The entries below contain pictures, which are to be left out; write out exactly, and only, the lines from the line with "티켓을 끊고 입장하는데" up to and including the line with "główna atrakcja i".

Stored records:
══════════════════════════════

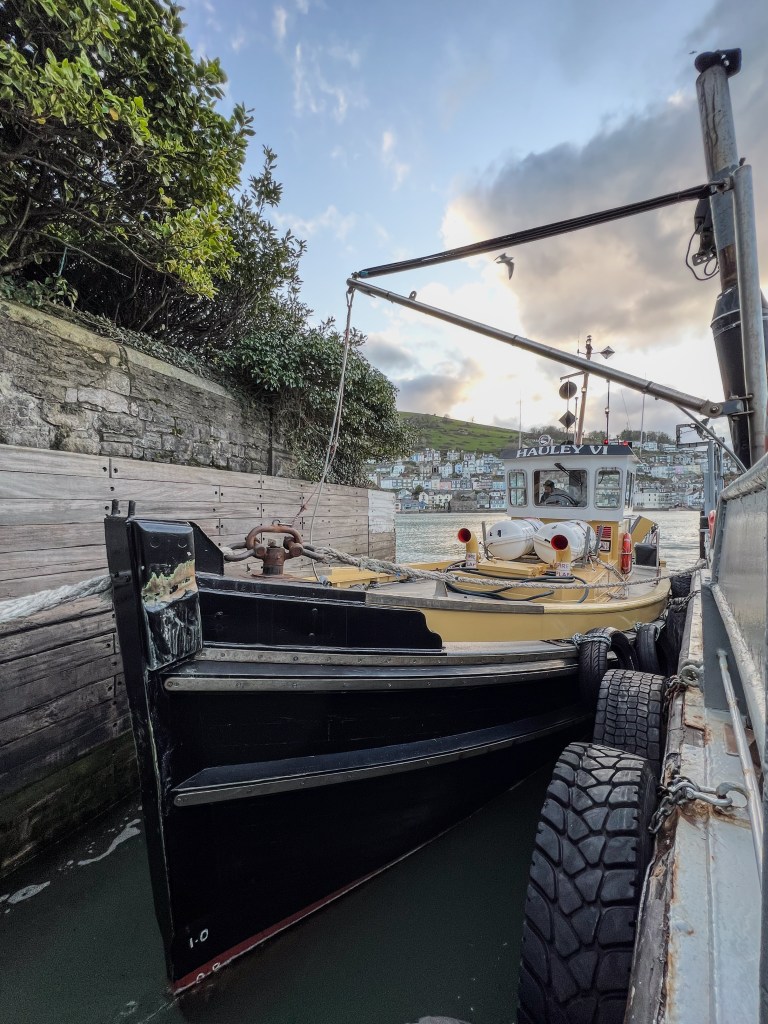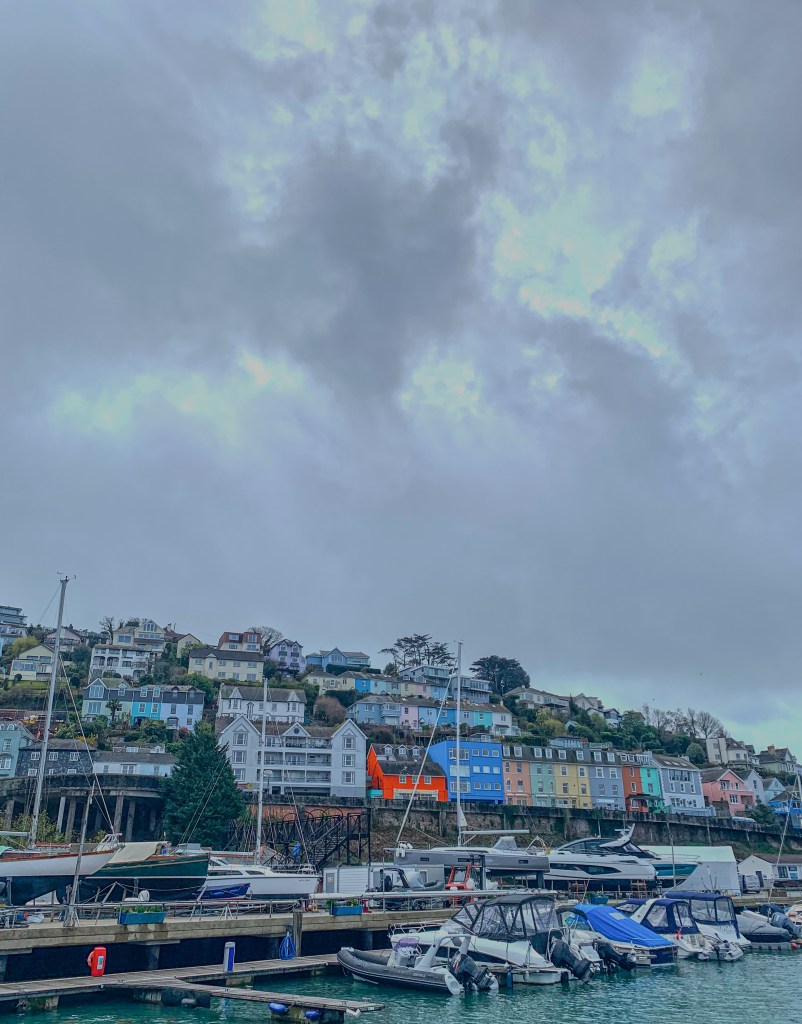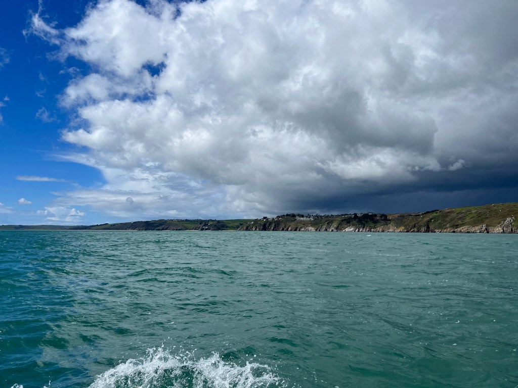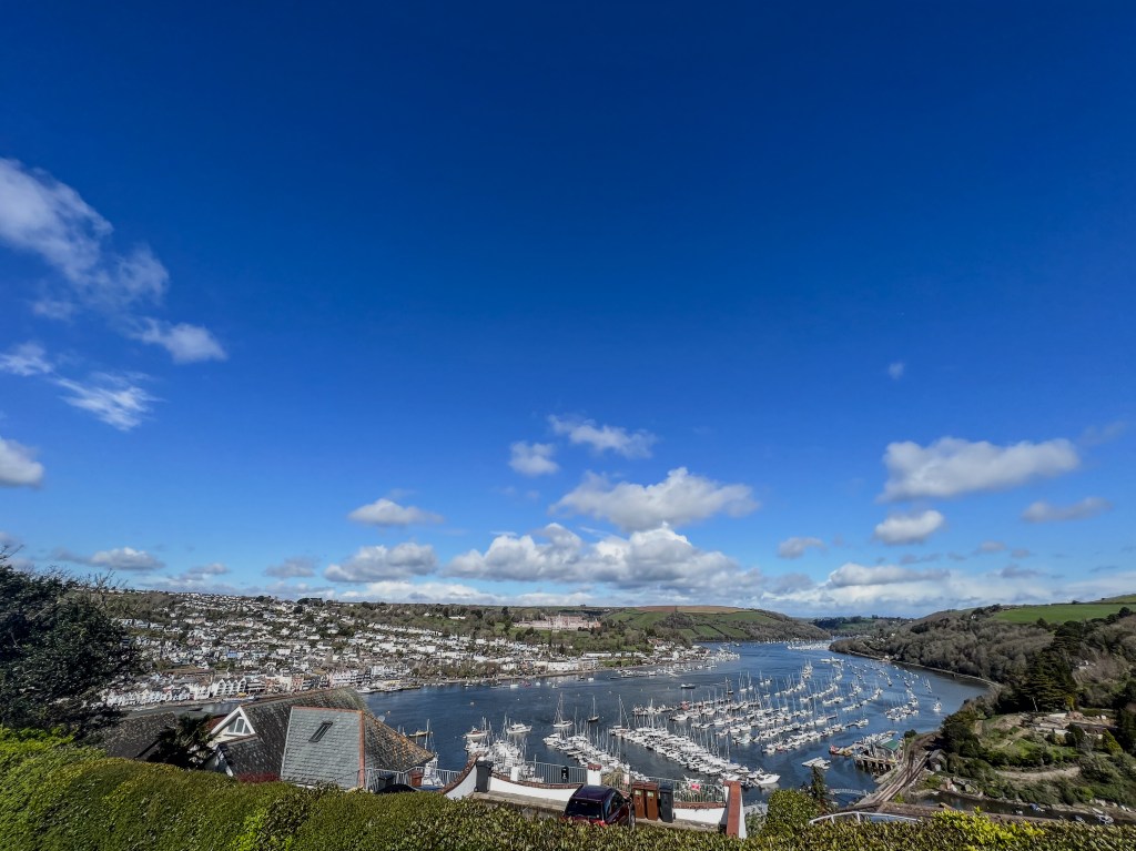We had a powerful sail to the Dart; it was fast and furious until we rounded the headland and F7, which was on our beam, ended up close to our nose. We were pinching and crashing into the swell. We did see another pod of dolphins, but the weather was lousy, making it challenging to enjoy even that; the rain was driving in from our destination. The swell was a further reminder of the pending storm we’d been tracking. To take cover, we sailed inshore as close as possible. We inched past the Mewstone and then the West Rock south cardinal buoy marking Shag Stone. Eventually, we reached the river’s mouth, virtually coming to a standstill with each wave. The entrance was impossible to see, but I trusted the charts. As we rounded Castle Ledge, and the river was revealed, it was like we’d entered another place entirely. The wind dropped, the rain disappeared, and the sun came out for a minute. We arrived in Kingswear, and it was slack water.
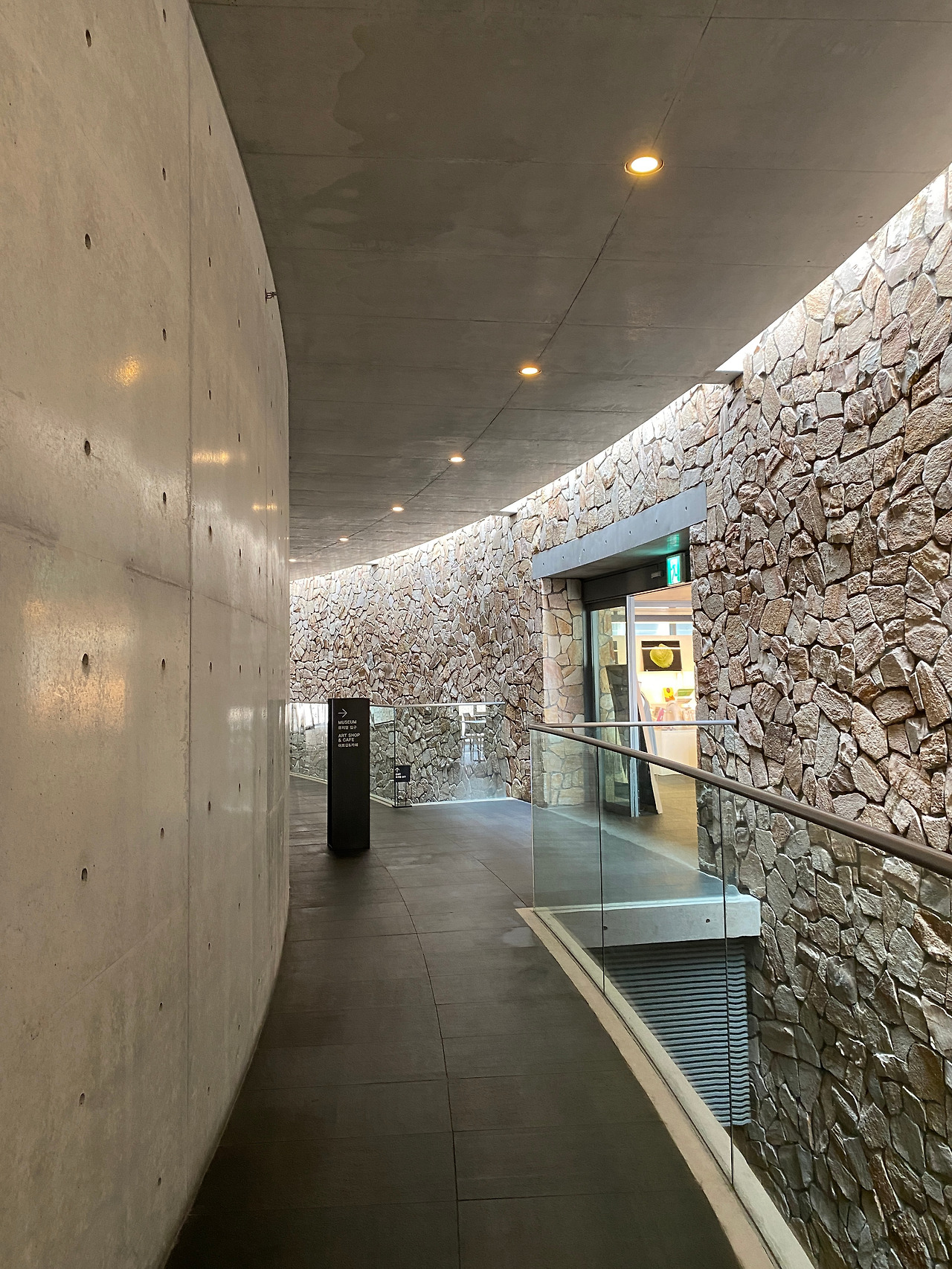티켓을 끊고 입장하는데 가장 먼저 기념품샵을 지나게 된다. 이곳은 기념품샵으로 가는 길인데 둥그런 길이 멋있어서 찍었다. 세계적인 건축가 안도 타다오가 지은 곳이라던데 앞으로 만날 뮤지엄산의 건축에 대한 기대를 한껏 높여주었다. 왠지 벽면의 재질은 아모레퍼시픽 본사 벽면이 떠올랐다. 실제로 만져보기도 했는데 아모레퍼시픽 본사 벽면의 촉감과 비슷했다.
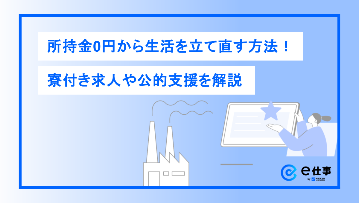 所持金0円から生活を立て直す方法!寮付き求人や公的支援を解説
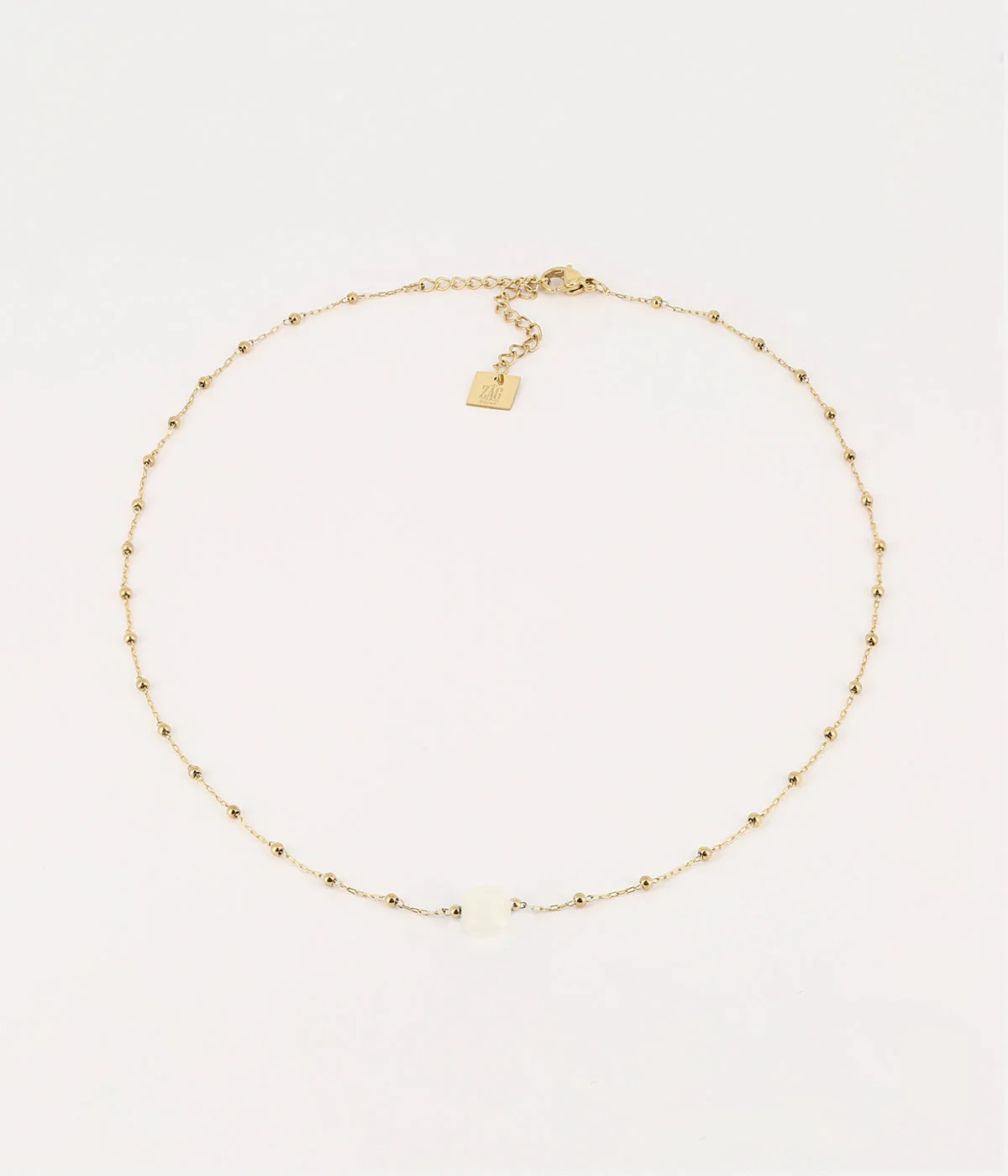 Collier chaîne “chapelet” en acier doré à l’or fin sur lequel est attachée une pierre naturelle.
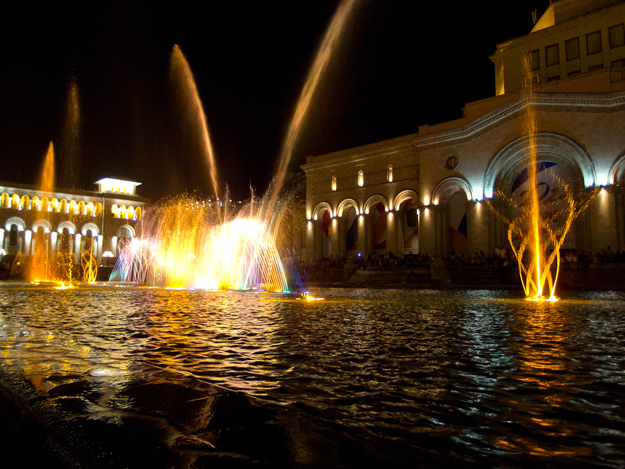 główna atrakcja i duma Erywania - tańczaca fontanna na placu Centralnym
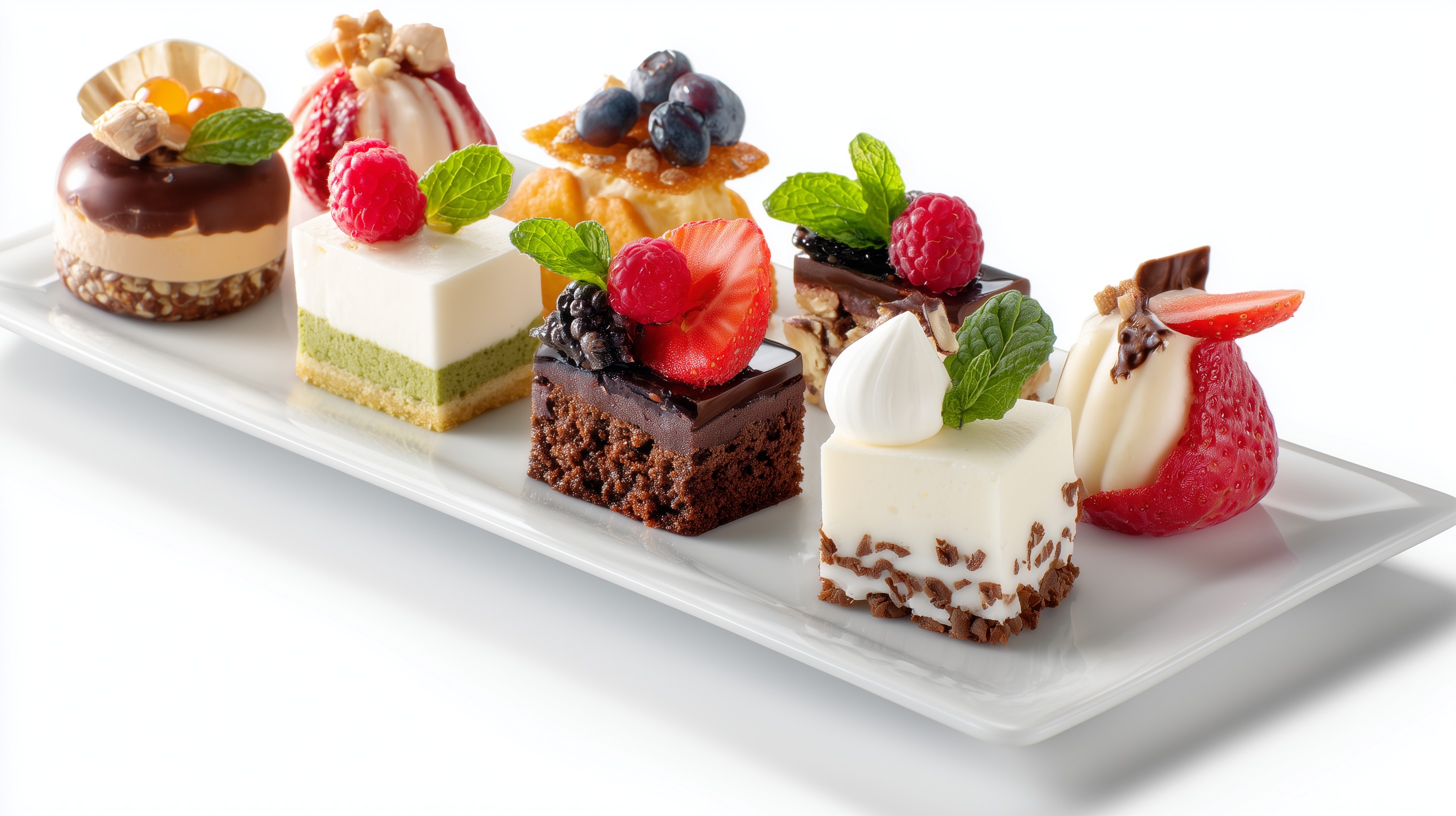 Die Desserts sind in unterschiedlichen Formen und Größen präsentiert, was für eine ansprechende Abwechslung und Vielfalt sorgt. Die Glasur, Creme und Früchte bilden eine farbenfrohe Komposition in Rot-, Violett- und Grüntönen. Durch die Nahaufnahme werden die Details und Texturen der Leckereien besonders betont, was den Betrachter direkt zum Genießen einlädt.

══════════════════════════════

Exercise response:
티켓을 끊고 입장하는데 가장 먼저 기념품샵을 지나게 된다. 이곳은 기념품샵으로 가는 길인데 둥그런 길이 멋있어서 찍었다. 세계적인 건축가 안도 타다오가 지은 곳이라던데 앞으로 만날 뮤지엄산의 건축에 대한 기대를 한껏 높여주었다. 왠지 벽면의 재질은 아모레퍼시픽 본사 벽면이 떠올랐다. 실제로 만져보기도 했는데 아모레퍼시픽 본사 벽면의 촉감과 비슷했다.
 所持金0円から生活を立て直す方法!寮付き求人や公的支援を解説
 Collier chaîne “chapelet” en acier doré à l’or fin sur lequel est attachée une pierre naturelle.
 główna atrakcja i duma Erywania - tańczaca fontanna na placu Centralnym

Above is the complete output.